Le nouvel essai d’Éric Zemmour, La messe n’est pas dite (Fayard), est destiné à susciter un sérieux débat, d’autant que son sous-titre constitue une véritable provocation : Pour un sursaut judéo-chrétien. Comment un intellectuel, passé à l’engagement politique, peut-il se prévaloir d’un programme qui empiète résolument sur le terrain religieux ? Avant d’engager contre lui un procès pour récupération idéologique, il importe de lire l’auteur avec la plus grande attention. Ce n’est pas sans une enquête approfondie qu’il affirme l’indestructible lien entre notre civilisation et ce qu’on appelle couramment l’héritage judéo-chrétien. Une enquête historique exigeante jusqu’à ses données théologiques, en se référant aux meilleurs spécialistes.

Judéo-christianisme ?

Loin de sacrifier à des raccourcis faciles sur un judéo-christianisme mal défini, Zemmour insiste sur l’originalité de ce christianisme par rapport au judaïsme. Selon l’enseignement de saint Paul, c’est la foi qui prime sur la loi. Cela n’empêche pas la filiation du christianisme avec le judaïsme, même si elle a provoqué des conflits que l’on peut expliquer avec René Girard : la ressemblance implique le conflit mimétique. Aussi convient-il de bien définir en quoi la nouveauté chrétienne a renouvelé les perspectives, en fondant une civilisation. La nôtre.

Éric Zemmour suit les signes possibles d’une rechristianisation de la France et de l’Europe avec une sympathie que l’on pourrait dire complice. Le pèlerinage de Chartres le ravit, tout comme la vague des nouveaux baptisés. Il est vrai que, n’étant ni chrétien, ni catholique, élevé dans la tradition juive, on peut s’interroger sur cette relation singulière. Faute d’être inspiré par l’éclairage de la foi, elle s’inscrit dans une démarche intellectuelle, culturelle. C’est la lecture de Pascal qui a permis au lycéen une première approche d’un domaine qui lui était étranger. Il en a été proprement ébloui. Ce qui lui a permis de mieux comprendre à quel point le christianisme était consubstantiel à l’essentiel de notre civilisation. à aucun moment Éric Zemmour n’estime qu’il pourrait exister un christianisme sans la foi. Il en est au stade des prémices qui précèdent ce que nous appelons une conversion, c’est-à-dire un retournement radical intérieur qui aboutit à l’adhésion au Christ rédempteur.

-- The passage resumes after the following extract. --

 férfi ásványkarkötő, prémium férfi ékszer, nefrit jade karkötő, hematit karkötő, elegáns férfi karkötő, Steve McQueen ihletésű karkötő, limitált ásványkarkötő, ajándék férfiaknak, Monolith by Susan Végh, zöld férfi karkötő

Le premier concile du Vatican, dans sa constitution Dei Filius, a établi la véracité d’une telle démarche : « C’est à l’Église catholique seule que se réfèrent tous ces signes si nombreux et si admirables établis par Dieu pour faire apparaître avec évidence la crédibilité de la foi chrétienne. » C’est en raison de « son inépuisable fécondité en tout bien », que l’Église peut être perçue dans sa nature spirituelle.

Provocation ? Oui, il y a une provocation dans cette façon d’affirmer ce qu’on peut appeler un christianisme identitaire. Formule qui provoque parfois l’indignation. Encore faudrait-il savoir ce que pourrait être un christianisme non identitaire ! Il est en tout cas à souhaiter qu’une telle provocation invite à une authentique réflexion et non à des anathèmes et des mouvements d’humeur.

Éric Zemmour pose ainsi de vraies questions, ne serait-ce encore que sur la nature de l’islam et la possibilité d’un dialogue interreligieux entre des traditions si contraires. Le moins que l’on puisse dire est que dans l’Église, on n’est pas parvenu à une perception vraie d’un phénomène redoutable.